さらわれたローラ姫

 

 一体なぜ、ローラ姫は竜王にさらわれたのだろう?私としては、一歩城を出たらローラ姫のことなど綺麗に忘れ去っていたし、別にわざわざさらう必要はなかったのでは…と思ってしまう。確かにローラ姫を助け出さないと「王女の愛」がもらえないのでその先ツライものがあるが…ならばなぜ、竜王はさらった姫を生かしておいたのか、という疑問が残る。

 といっても、悪役が姫をさらうのは、いわば「お約束」であり、今更特に気に懸ける必要はないのかもしれないが……それでもやはり、気になることは気になるので、少し検討してみたいと思う。

 一般に、悪役がヒロインをさらって、しかも生かしておくのは、

の3つの理由のうちどれかに当てはまる場合が殆どだろう。

それぞれの場合について、見ていきたいと思う。

 まず、竜王がローラ姫との結婚を望んでいる、という説。

 城攻めをした時に偶然目にとまり、気に入って連れて帰ったが、なかなか結婚を承諾しないので、洞窟に閉じこめた…ということになるのだが、それならば、竜王の城に閉じこめられていると考える方が自然である。しかも見張りはドラゴン一匹。とてもローラ姫を大事にしているようには見えないが、もしかすると、竜王の城では、目を離した隙に手下の魔物達が姫を襲うことを危惧して、信頼できる一人の部下に姫を任せて洞窟に預けた…ということなのかもしれない。ピサロと同じように。

 また、結婚するつもりはなかったのだが、どことなく「まだ見ぬ母」の面影を感じて思わず連れて行ってしまった、という可能性もある。連れ去った後、「やはり姫は自分の母とは違う」などと思ったのだが、殺す気にもなれず、かといってラダトームに返す気にもなれなかったので、とりあえず僻地の洞窟に閉じこめておいた…という可能性である。これなら警備がザルなのも理解できる。

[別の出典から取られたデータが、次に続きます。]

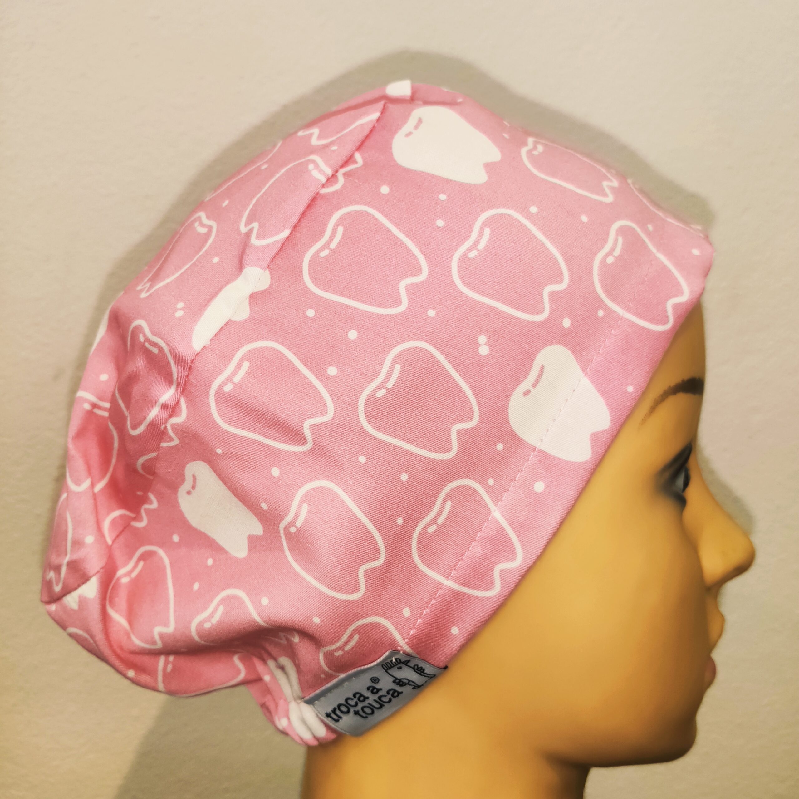 Touca 100% algodão, reutilizável e feitas à mão.
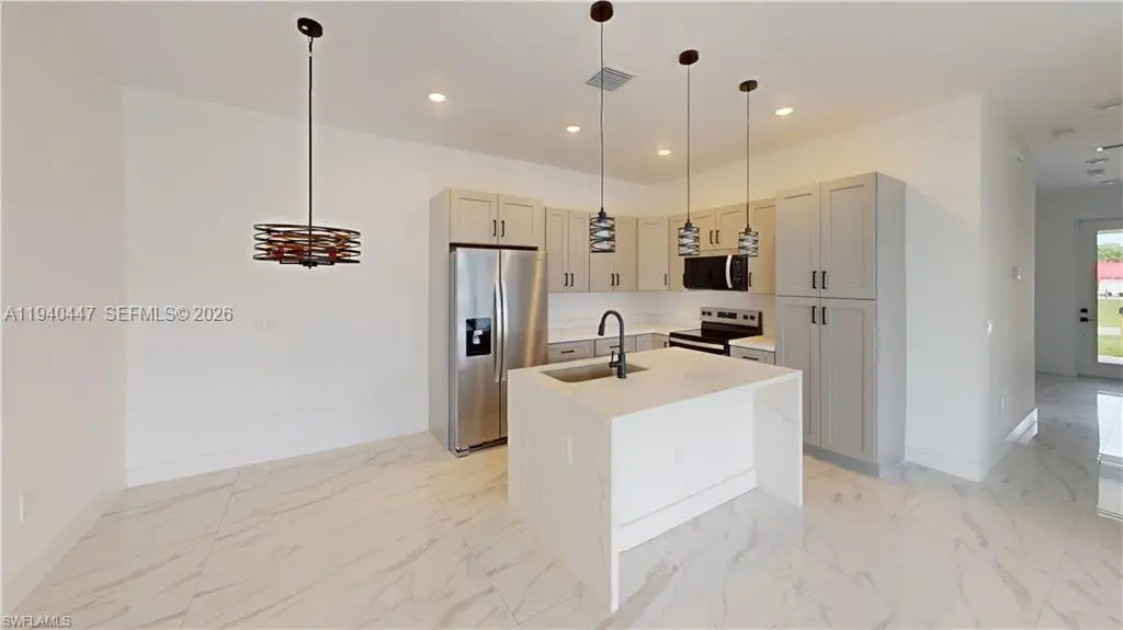 New construction | 4 bedrooms | 2 full bathrooms | 1 half bathroom | 1-car garage | High ceilings | Recessed lighting | 8-foot doors | Tile flooring | Kitchen with granite countertops | Stainless steel appliances | Impact-resistant windows and doors | City water and sewer | No HOA fees.

 あと、人間同士の場合なら、姫をさらって無理矢理結婚することで、相手方の財産や権力を手に入れ、そのことに対する周囲の異論を封じる、というパターンも多いのだが、今回はなにしろ種族が違うので、このようなことはないだろう。

 次に、竜王は人質としてローラ姫をさらったという説。

 主人公―この場合はロトの子孫―をおびきだすためのエサとして、というのがよくあるパターンだが、竜王は姫をどこにさらったとも言い残したわけではなさそうだし、第一、それならば姫は竜王城にいるはずである。沼地の洞窟に罠が張ってあったというのならまだしも、ドラゴン一匹では話にならない。というわけでこれはボツ。

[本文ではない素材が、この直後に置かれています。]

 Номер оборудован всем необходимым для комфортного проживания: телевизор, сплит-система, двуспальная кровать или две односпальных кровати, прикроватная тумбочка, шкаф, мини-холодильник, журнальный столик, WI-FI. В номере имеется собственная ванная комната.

 いざという時のための切り札―だと考えるにしても、姫が竜王と離れた所にいたのでは使えない。だからやはりこれもボツ。

 最後に三つ目、竜王は生け贄にするために姫をさらったのだという説。

 作中に全く描写はないものの、実は竜王は破壊神シドーを信仰していて、それを呼び出すための生け贄として姫をさらった…というのも考えられない話ではないと思う。姫は比較的大事に扱われていたようだし、岩山の洞窟にうつしたのも、「大切な生け贄」に危害が加えられないようにするためか、そこが儀式の場所としてふさわしかったからか。とりあえずの説明はつく。

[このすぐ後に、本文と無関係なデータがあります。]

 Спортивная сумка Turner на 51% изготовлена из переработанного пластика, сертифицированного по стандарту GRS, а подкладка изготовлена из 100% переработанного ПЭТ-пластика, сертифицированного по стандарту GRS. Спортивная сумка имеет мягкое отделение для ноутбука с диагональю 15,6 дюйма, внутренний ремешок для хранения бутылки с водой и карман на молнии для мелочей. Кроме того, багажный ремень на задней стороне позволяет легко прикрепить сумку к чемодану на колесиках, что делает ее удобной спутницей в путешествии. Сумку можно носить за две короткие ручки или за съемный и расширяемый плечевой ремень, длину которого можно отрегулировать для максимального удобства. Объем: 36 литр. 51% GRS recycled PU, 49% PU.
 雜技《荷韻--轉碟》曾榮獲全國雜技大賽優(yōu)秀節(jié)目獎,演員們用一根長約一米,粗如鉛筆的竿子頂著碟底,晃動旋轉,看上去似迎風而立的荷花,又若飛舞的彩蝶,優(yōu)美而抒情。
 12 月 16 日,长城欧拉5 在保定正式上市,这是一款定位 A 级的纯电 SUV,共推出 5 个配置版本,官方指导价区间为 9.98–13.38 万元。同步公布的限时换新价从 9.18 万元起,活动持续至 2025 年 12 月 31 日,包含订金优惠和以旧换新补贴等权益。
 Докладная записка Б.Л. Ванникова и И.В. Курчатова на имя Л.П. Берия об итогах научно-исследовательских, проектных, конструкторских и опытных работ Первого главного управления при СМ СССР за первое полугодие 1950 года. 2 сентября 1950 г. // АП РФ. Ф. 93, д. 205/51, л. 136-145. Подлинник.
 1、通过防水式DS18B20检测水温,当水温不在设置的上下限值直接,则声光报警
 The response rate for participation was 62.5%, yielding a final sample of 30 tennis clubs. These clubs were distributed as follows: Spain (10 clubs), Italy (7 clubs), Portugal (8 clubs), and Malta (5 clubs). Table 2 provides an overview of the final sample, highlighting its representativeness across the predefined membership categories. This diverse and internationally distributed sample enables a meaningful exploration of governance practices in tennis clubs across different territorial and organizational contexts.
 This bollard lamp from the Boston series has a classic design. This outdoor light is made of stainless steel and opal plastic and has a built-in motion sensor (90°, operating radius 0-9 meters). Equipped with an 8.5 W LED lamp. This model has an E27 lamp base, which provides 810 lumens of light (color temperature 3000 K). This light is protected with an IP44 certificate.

 また、生け贄とはちょっと違うが、ラダトームの人々を絶望させるために姫を自分の手先にしようと企てていた、というのも考えられる。こうなれば彼らはなかなか手を出せないだろうから「強力な部下」も増えたことになり一石二鳥である。姫が改造(?)に耐えられる年齢に達するまで待ち、その後でどうにかする予定だったとか。そういうことも考えられてしまう。

 例によって、どれもありそうな……。

 ちなみに、小説では、「ロトの血をひくものが誕生し、その者が王女の愛を得るとき、竜王を倒すほどの力を持つ」という占いで、竜王は姫をさらい殺そうとするが、姫も勇者も本物かどうかわからなかったので、確かめないまますぐに殺しては安心は得られない…ということになっているようだ。

 悪役が墓穴を掘る典型的なパターンである。もっとも、そのおかげで最初は弱かった勇者が活躍する余地があるというものだが。